The part that caught my attention is the autocollect interface. If a command executes successfully, the system automatically saves it as a structured multimodal trajectory that aligns language supervision, action representations, visual and geometric data, and task status with the actual episode. You're not just running simulations, you're automatically building training datasets from the simulations that work. The Command->Skill->Planner->Robot->Record pipeline runs independently per environment above a shared physics tick, so you can run many environments in parallel without them interfering with each other.
This is the kind of infrastructure work that doesn't get enough credit. The kids building the flashy end-to-end models get the press. The people building the plumbing that makes the whole enterprise possible get a citation or two and a poster session at a conference. But MagicSim, if it holds up under scrutiny, is addressing something real: the fact that robot learning research is still fragmented enough that comparing results across papers is often nearly impossible because everyone's running different simulators with different assumptions baked in.
I only found these two papers directly on this topic this week, so take the broader claims with appropriate skepticism. This is based on limited data from preprints that haven't gone through peer review yet.
Put these two ideas together and you get a picture of where a certain corner of robotics research is heading. Coding agents that design policy architectures at training time, unified simulation infrastructure that can generate training data automatically, and the whole thing running without a human in the loop except at the design stage. That's a meaningful shift from where the field was even two years ago.
Call me old-fashioned, but I want to see this work outside a simulator before I get too excited. The history of autonomous systems is littered with results that looked spectacular in controlled conditions and fell apart the moment you introduced a slightly different lighting condition or a box that was 3 centimeters off from where the model expected it. The LIBERO-PRO benchmark is specifically designed to test generalization to perturbed conditions, which is encouraging, but it's still a benchmark.

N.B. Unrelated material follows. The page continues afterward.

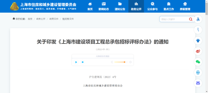 根据2017年1月1日开始实施的《上海市工程总承包试点项目管理办法》(以下简称《试点办法》),制定了《上海市工程总承包招标评标办法》(沪建建管〔2018〕808号,以下简称《评标办法》),并于2019年1月1日起施行,有效期为2年。

What I will say is that the structural logic here is sound. If you can move the expensive reasoning work to training time and deploy a lean, interpretable policy that doesn't need a live LLM in the loop, you've solved a real problem. And if you can build simulation infrastructure that automatically generates aligned training data from successful rollouts, you've potentially solved another real problem. Whether both of these hold up at scale, in messy real-world conditions, with robots that cost real money and operate around real people, that's the question that the next two or three years will answer.
I've been covering tech long enough to know that the papers that change things rarely announce themselves as paradigm-shifting. They just show up on arXiv on a Tuesday and start getting cited. These two might be that kind of paper. Or they might be a footnote. But they're worth reading.